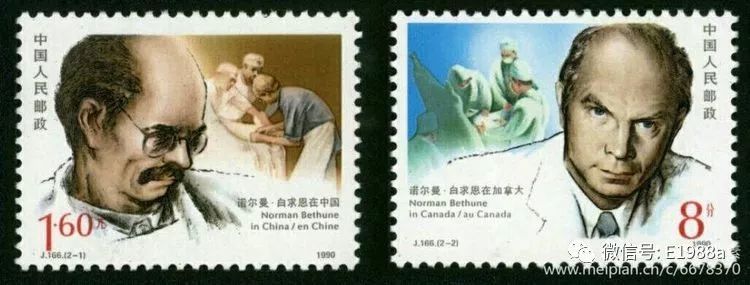 2枚邮票反映了白求恩在加拿大和中国的工作与生活,使观者对白求恩有具体和完整的了解。
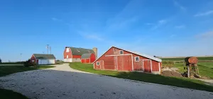 This picturesque 5-acre hobby farm is surrounded by a mature pine and maple wind break with south facing panoramic views.
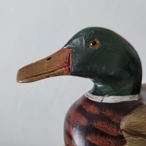 Vintage Hand Painted Wooden Duck Decoy Hand Carved Mallard Figurine Glass Eyes
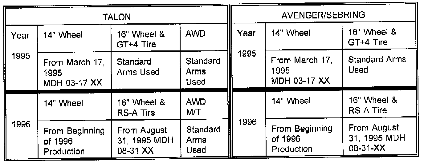 Offset compression arms were introduced into production. The dates and applications in which the new arms were put into manufacture are shown in the chart.
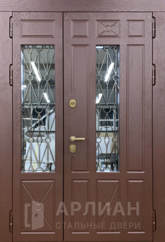 Двухстворчатая входная дверь со стеклом и ковкой №9
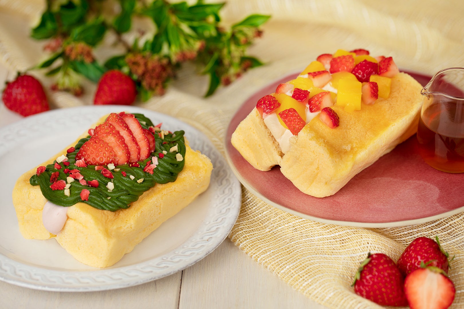 春水堂の台湾カステラの生地は、卵の味がしっかり感じられる懐かしく素朴な味。新作「台湾カステラ フルーツ」は、無添加の茶葉から店舗で淹れた紅茶を混ぜたミルクティー生クリームの上に苺とマンゴーをトッピングしました。別添えのはちみつにも紅茶が入っており、芳醇な香りも一緒にお楽しみいただけます。また「台湾カステラ 抹茶苺」は、苺ピューレを混ぜた淡いピンクの生クリームの上に宇治抹茶入りカスタードクリームをトッピングし、苺とナッツを飾り付けました。ほろ苦い宇治抹茶が香る期間限定商品です。いずれもテイクアウトでき、店内でお食事やドリンクと一緒にご注文いただくと、ハーフサイズをワンコイン・500円でお召し上がりいただけます。
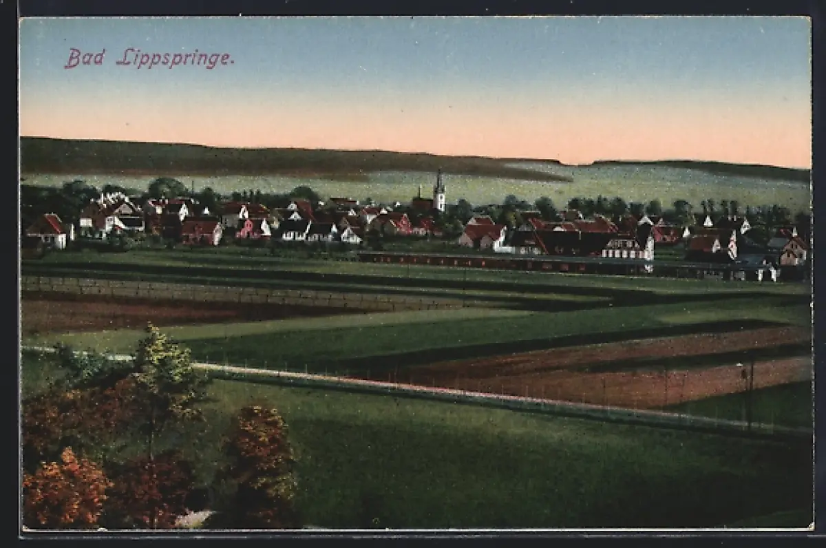 AK Bad Lippspringe, Ortsansicht, Felder, Kirche
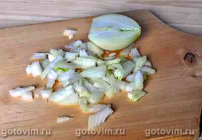 Сначала приготовим грибную начинку для зраз. Мелко шинкуем лук.

_ _ _ _ _

Action item:
All lines from the line with "AK Bad Lippspringe, Ortsansicht, Felder, Kirche" through the final line of the data, both included, are to be repeated exactly; no other lines and no pictures.

Answer for the task:
 AK Bad Lippspringe, Ortsansicht, Felder, Kirche
 Сначала приготовим грибную начинку для зраз. Мелко шинкуем лук.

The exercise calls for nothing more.